> [PROBLEM TO SOLVE] When you copy from the entries that follow, take only the lines from the one with "Ташриф доирасида Ўзбекистон" down to the one with "Op de begane grond bevindt", keeping both ends and dropping every picture.

> [EXTRACTED DATA]
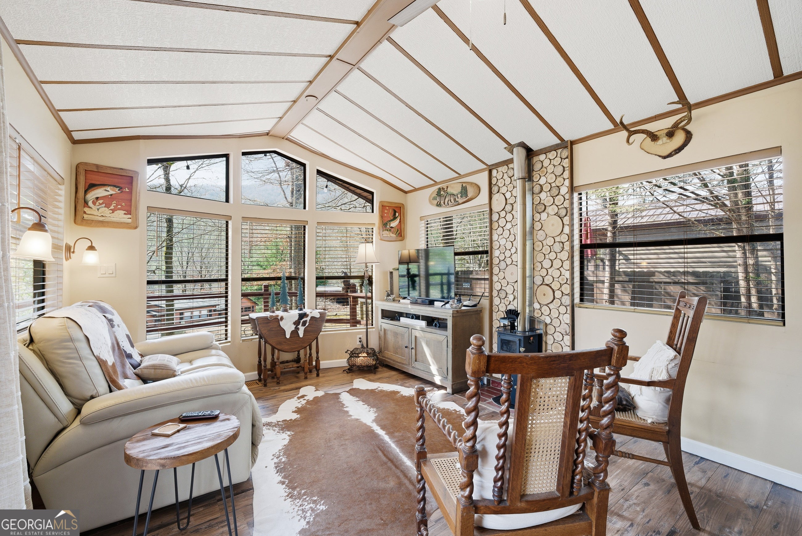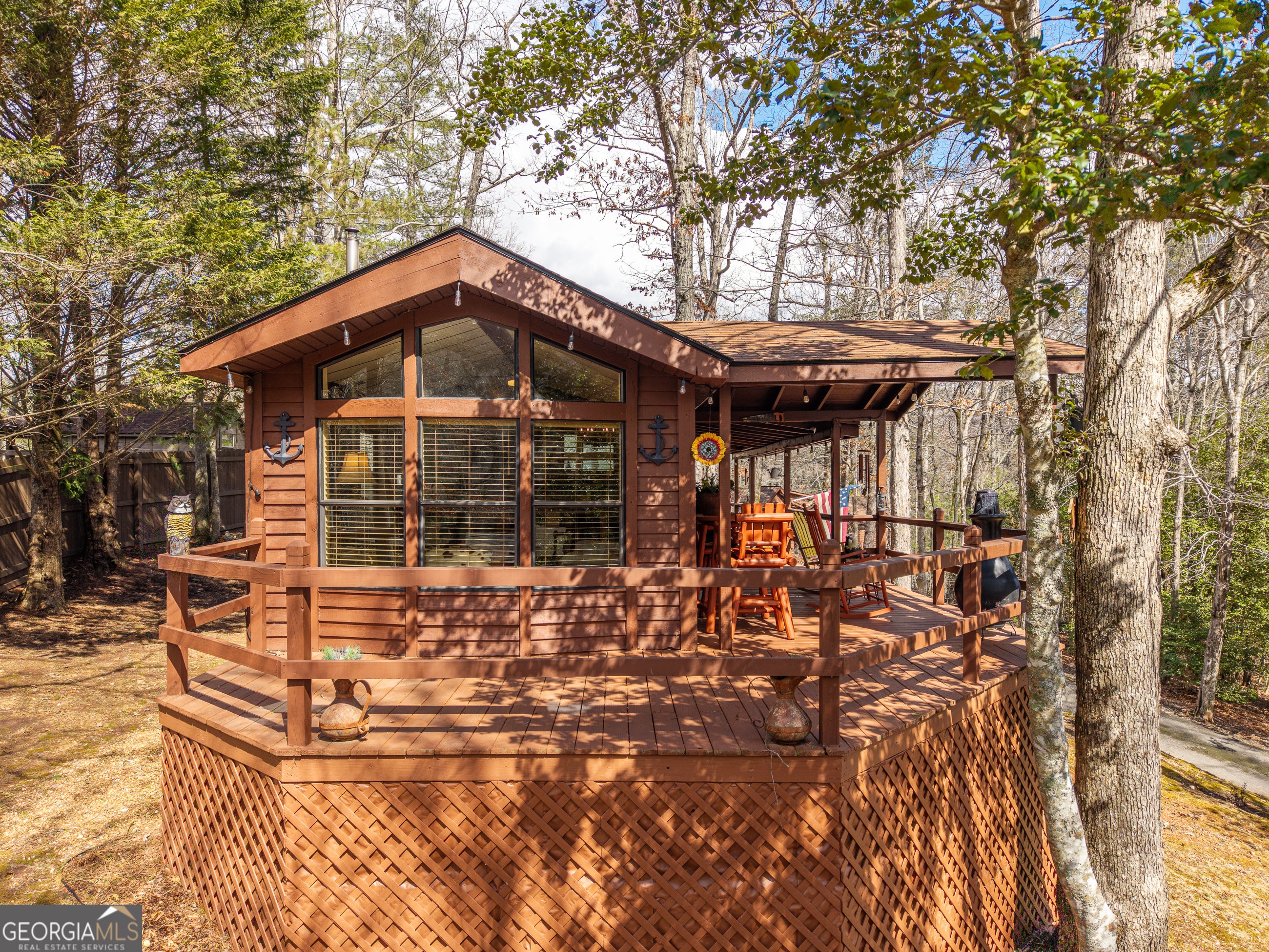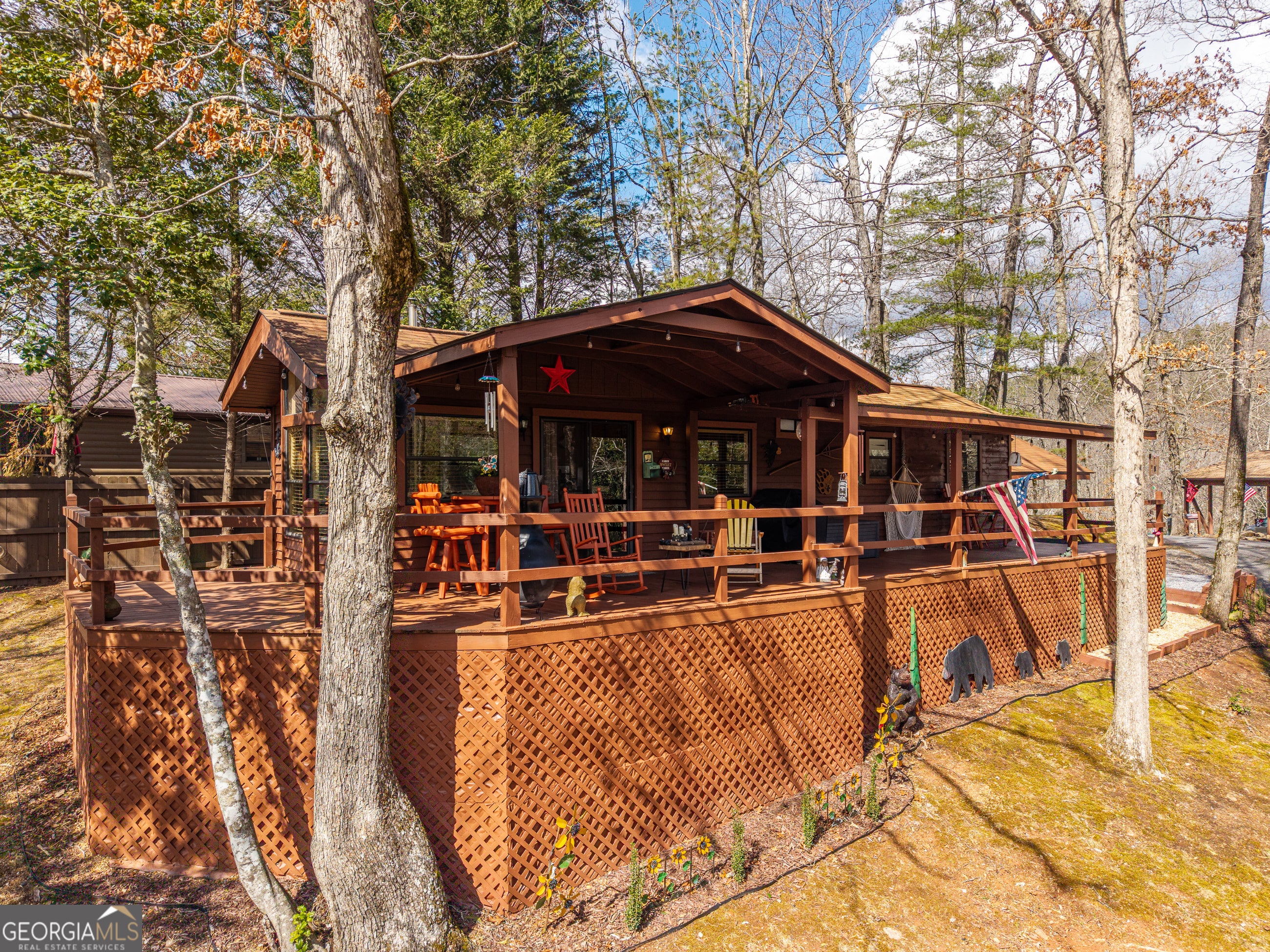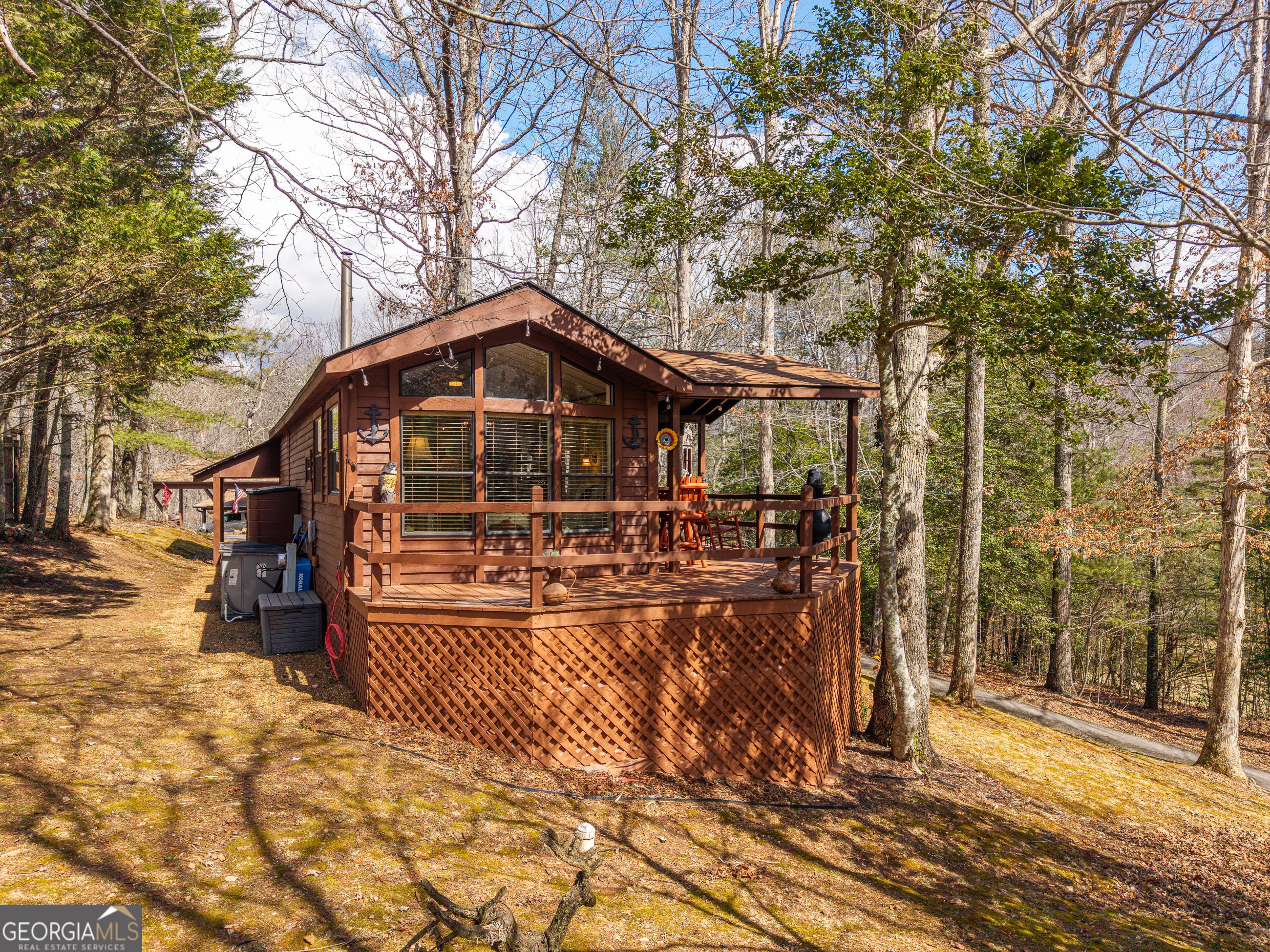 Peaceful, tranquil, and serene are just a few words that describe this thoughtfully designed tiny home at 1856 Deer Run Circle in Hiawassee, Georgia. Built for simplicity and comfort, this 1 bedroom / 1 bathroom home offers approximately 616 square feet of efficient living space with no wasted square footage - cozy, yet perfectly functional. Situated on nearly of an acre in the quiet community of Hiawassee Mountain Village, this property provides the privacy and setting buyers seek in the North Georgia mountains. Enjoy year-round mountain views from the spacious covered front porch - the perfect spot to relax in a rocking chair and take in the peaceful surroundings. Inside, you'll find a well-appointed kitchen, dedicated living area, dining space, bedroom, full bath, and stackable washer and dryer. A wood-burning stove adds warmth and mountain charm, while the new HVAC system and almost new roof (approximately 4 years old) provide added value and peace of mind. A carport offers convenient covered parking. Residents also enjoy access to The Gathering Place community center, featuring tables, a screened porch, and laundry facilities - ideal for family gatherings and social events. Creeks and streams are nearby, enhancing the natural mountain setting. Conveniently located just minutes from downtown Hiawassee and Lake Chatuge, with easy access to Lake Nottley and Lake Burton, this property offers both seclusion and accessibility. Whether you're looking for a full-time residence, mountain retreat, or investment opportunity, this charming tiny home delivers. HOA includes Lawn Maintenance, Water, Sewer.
--
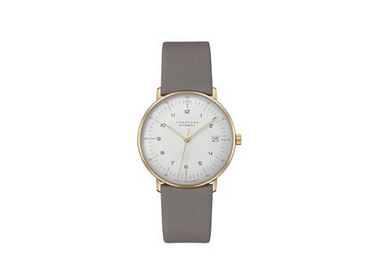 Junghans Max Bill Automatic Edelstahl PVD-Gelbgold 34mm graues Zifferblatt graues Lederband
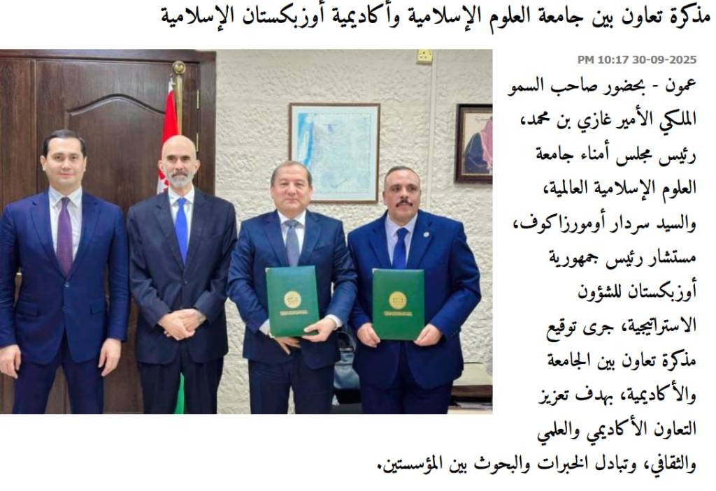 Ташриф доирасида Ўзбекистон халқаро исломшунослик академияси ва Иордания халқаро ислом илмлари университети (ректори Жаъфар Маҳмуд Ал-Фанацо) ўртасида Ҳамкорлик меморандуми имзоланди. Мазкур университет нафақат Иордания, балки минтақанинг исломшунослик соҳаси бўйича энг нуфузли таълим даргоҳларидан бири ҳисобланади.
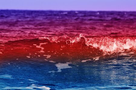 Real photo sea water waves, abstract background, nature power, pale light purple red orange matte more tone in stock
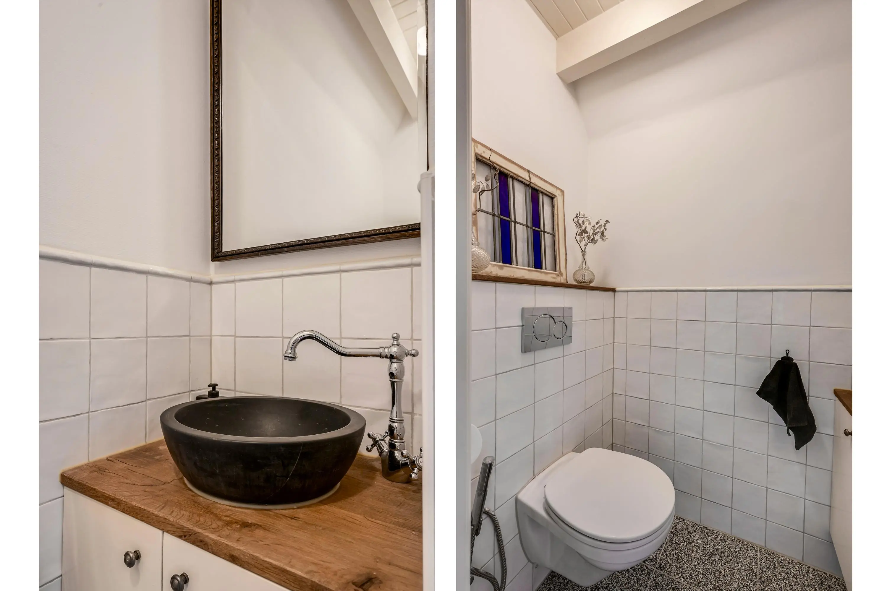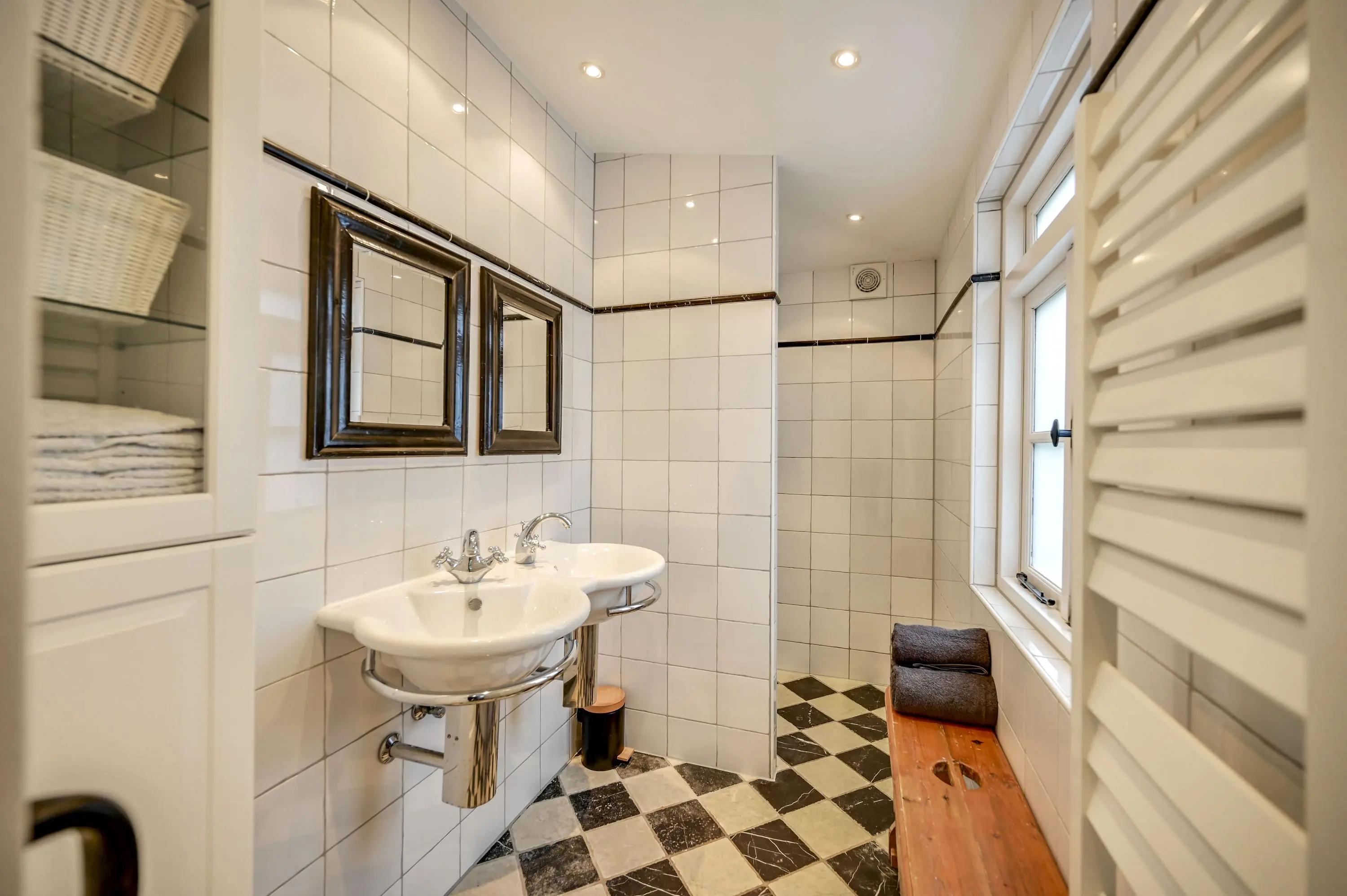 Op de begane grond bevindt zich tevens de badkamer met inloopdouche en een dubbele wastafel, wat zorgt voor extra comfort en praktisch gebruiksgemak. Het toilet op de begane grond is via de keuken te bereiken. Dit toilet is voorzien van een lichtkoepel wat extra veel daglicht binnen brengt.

> [RESPONSE BOX]
 Ташриф доирасида Ўзбекистон халқаро исломшунослик академияси ва Иордания халқаро ислом илмлари университети (ректори Жаъфар Маҳмуд Ал-Фанацо) ўртасида Ҳамкорлик меморандуми имзоланди. Мазкур университет нафақат Иордания, балки минтақанинг исломшунослик соҳаси бўйича энг нуфузли таълим даргоҳларидан бири ҳисобланади.
 Real photo sea water waves, abstract background, nature power, pale light purple red orange matte more tone in stock
 Op de begane grond bevindt zich tevens de badkamer met inloopdouche en een dubbele wastafel, wat zorgt voor extra comfort en praktisch gebruiksgemak. Het toilet op de begane grond is via de keuken te bereiken. Dit toilet is voorzien van een lichtkoepel wat extra veel daglicht binnen brengt.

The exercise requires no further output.